▶ [MATERIAL FOR THIS EXERCISE]:
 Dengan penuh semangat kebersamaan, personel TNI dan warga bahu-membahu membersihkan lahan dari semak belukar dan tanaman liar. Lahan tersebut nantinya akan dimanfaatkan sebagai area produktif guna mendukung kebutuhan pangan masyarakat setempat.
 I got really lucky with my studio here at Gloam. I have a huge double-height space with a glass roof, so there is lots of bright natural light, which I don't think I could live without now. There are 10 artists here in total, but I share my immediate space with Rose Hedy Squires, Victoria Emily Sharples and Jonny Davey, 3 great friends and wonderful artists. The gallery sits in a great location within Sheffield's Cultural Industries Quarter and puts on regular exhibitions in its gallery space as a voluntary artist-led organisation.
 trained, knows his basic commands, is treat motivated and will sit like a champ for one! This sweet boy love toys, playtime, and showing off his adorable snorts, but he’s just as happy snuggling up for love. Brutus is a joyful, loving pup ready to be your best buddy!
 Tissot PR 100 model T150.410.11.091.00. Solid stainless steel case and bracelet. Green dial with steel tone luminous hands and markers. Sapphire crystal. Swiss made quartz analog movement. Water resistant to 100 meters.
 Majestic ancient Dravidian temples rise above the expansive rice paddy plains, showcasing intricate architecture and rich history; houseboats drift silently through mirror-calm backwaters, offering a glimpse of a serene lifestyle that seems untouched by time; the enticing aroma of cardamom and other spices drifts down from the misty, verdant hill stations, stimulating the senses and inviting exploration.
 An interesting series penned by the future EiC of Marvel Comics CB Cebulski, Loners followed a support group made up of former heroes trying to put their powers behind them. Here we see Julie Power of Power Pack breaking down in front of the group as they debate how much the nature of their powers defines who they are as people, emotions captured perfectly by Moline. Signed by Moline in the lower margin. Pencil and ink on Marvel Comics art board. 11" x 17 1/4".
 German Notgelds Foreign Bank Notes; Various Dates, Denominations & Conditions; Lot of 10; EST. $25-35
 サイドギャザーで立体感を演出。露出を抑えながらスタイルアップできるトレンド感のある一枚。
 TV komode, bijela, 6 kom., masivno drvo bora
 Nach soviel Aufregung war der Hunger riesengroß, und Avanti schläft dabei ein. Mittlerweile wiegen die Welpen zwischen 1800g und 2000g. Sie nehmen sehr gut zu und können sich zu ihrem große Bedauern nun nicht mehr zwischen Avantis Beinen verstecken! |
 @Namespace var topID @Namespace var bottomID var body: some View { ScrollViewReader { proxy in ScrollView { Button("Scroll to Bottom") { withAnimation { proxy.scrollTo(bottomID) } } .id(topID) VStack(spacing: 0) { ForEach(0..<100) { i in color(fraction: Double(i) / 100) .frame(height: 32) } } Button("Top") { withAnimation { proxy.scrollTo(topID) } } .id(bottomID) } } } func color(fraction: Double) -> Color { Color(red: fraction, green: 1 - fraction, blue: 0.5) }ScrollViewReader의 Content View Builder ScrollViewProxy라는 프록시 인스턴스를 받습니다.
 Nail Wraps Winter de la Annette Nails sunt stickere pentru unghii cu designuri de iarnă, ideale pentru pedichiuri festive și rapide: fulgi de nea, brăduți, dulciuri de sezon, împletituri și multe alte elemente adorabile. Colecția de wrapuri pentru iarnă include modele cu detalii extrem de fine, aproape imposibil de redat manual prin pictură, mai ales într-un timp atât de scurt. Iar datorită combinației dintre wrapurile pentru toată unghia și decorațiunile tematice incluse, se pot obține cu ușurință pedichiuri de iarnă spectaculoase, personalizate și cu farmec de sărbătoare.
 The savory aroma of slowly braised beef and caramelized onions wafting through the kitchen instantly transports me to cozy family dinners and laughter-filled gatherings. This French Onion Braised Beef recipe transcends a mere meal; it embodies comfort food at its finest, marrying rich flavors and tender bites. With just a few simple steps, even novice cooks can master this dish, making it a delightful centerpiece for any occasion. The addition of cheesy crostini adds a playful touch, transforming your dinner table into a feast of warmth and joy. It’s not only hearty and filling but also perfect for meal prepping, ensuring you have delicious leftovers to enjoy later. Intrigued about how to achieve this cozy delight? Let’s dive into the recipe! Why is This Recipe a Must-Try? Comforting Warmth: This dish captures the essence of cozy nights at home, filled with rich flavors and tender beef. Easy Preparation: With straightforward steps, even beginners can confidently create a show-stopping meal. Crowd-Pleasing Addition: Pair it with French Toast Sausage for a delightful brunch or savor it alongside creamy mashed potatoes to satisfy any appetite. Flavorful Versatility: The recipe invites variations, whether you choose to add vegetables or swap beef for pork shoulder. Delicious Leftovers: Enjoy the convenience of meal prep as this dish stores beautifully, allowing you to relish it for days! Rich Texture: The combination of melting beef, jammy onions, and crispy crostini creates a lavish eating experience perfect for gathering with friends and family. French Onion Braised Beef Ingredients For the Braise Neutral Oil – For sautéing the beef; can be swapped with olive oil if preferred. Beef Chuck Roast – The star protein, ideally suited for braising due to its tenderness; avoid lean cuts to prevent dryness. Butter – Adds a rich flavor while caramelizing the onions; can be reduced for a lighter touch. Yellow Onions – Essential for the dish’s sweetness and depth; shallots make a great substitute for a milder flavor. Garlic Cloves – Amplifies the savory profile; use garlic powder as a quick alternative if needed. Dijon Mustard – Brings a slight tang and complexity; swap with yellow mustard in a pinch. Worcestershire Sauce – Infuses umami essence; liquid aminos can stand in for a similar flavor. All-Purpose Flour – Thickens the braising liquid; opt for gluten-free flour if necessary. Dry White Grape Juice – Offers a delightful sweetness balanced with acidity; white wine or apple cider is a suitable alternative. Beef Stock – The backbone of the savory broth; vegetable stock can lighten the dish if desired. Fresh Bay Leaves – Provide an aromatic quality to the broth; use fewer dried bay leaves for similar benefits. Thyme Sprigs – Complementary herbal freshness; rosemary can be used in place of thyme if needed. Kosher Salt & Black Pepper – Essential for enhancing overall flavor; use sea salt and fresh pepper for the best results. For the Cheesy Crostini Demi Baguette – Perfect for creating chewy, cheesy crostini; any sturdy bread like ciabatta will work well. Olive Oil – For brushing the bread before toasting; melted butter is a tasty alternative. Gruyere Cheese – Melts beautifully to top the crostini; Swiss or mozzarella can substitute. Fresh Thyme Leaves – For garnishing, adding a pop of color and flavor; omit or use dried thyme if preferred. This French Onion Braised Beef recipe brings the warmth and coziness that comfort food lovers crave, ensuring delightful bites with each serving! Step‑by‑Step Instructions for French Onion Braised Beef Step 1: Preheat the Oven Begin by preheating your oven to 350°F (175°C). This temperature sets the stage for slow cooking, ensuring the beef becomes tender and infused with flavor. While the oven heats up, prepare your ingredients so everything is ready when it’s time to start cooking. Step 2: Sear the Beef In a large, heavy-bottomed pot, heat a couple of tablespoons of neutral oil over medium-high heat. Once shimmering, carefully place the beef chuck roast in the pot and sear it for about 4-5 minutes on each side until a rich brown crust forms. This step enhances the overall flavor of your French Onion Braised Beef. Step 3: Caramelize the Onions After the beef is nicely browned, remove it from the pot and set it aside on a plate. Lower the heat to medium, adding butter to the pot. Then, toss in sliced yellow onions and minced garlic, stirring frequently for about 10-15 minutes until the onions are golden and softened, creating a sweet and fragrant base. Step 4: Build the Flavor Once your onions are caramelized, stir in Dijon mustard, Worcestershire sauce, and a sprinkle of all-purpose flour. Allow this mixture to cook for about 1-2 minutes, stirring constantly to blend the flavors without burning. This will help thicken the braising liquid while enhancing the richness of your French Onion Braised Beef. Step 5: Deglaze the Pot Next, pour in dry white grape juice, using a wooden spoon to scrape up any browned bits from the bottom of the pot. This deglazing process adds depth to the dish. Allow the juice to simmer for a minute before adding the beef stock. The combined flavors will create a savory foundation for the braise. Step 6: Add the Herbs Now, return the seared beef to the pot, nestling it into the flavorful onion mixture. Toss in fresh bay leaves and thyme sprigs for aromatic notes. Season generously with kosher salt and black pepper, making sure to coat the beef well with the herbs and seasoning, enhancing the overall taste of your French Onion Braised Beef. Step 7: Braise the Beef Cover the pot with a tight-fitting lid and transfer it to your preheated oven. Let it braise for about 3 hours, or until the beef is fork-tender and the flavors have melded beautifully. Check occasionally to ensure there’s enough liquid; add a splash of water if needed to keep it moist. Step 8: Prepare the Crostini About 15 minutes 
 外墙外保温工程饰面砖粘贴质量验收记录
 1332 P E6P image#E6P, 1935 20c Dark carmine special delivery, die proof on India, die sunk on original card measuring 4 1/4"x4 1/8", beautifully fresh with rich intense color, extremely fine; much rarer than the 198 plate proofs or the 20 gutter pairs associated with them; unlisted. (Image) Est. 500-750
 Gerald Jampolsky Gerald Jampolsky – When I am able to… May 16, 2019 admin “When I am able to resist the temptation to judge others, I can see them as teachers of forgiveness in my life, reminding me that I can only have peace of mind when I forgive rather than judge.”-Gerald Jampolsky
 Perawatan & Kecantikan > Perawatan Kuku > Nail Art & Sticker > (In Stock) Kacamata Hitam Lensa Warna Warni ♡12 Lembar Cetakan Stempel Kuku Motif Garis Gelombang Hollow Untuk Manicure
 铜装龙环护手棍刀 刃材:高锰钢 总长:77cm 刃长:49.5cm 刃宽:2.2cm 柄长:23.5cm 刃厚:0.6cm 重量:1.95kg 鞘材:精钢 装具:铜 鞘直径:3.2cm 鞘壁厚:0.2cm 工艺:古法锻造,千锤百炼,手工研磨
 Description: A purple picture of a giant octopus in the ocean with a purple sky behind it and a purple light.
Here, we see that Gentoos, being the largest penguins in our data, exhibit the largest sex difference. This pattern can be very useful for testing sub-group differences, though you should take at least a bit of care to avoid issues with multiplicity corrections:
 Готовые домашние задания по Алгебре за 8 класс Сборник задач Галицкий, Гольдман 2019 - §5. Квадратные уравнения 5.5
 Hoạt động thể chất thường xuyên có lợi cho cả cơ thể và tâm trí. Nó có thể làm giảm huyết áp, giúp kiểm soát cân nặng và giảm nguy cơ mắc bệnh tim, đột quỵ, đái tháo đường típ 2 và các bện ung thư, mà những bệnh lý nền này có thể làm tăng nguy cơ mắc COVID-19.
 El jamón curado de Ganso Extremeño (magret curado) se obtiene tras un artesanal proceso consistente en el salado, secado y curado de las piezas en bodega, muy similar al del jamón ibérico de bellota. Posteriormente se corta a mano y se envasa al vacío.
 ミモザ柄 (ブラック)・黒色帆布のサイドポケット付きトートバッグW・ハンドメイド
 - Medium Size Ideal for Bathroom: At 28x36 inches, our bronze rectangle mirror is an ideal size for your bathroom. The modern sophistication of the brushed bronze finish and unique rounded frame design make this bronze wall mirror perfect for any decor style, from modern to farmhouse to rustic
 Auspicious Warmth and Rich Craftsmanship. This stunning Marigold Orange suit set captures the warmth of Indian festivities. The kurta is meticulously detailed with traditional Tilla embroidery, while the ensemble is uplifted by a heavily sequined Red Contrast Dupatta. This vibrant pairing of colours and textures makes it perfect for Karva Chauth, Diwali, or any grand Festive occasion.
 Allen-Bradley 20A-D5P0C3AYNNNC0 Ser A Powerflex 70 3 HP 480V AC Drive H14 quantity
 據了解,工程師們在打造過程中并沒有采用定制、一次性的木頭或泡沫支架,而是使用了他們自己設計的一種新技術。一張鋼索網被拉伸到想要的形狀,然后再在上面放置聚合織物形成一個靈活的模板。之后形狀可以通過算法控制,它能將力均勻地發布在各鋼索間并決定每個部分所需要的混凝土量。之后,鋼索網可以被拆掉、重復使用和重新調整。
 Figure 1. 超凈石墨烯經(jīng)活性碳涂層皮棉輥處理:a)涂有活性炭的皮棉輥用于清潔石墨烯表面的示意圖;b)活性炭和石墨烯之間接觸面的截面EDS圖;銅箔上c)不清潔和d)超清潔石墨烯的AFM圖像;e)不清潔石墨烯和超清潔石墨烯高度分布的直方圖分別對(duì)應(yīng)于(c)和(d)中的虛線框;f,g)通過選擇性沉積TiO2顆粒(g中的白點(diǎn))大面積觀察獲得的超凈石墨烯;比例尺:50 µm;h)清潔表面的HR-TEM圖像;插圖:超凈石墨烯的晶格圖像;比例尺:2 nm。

▶ [TASK TO CARRY OUT]:
Look above for the line with "El jamón curado" and the line with "- Medium Size". Write out those two lines and all the lines between them, exactly, and no others.

▶ [RESULT]:
 El jamón curado de Ganso Extremeño (magret curado) se obtiene tras un artesanal proceso consistente en el salado, secado y curado de las piezas en bodega, muy similar al del jamón ibérico de bellota. Posteriormente se corta a mano y se envasa al vacío.
 ミモザ柄 (ブラック)・黒色帆布のサイドポケット付きトートバッグW・ハンドメイド
 - Medium Size Ideal for Bathroom: At 28x36 inches, our bronze rectangle mirror is an ideal size for your bathroom. The modern sophistication of the brushed bronze finish and unique rounded frame design make this bronze wall mirror perfect for any decor style, from modern to farmhouse to rustic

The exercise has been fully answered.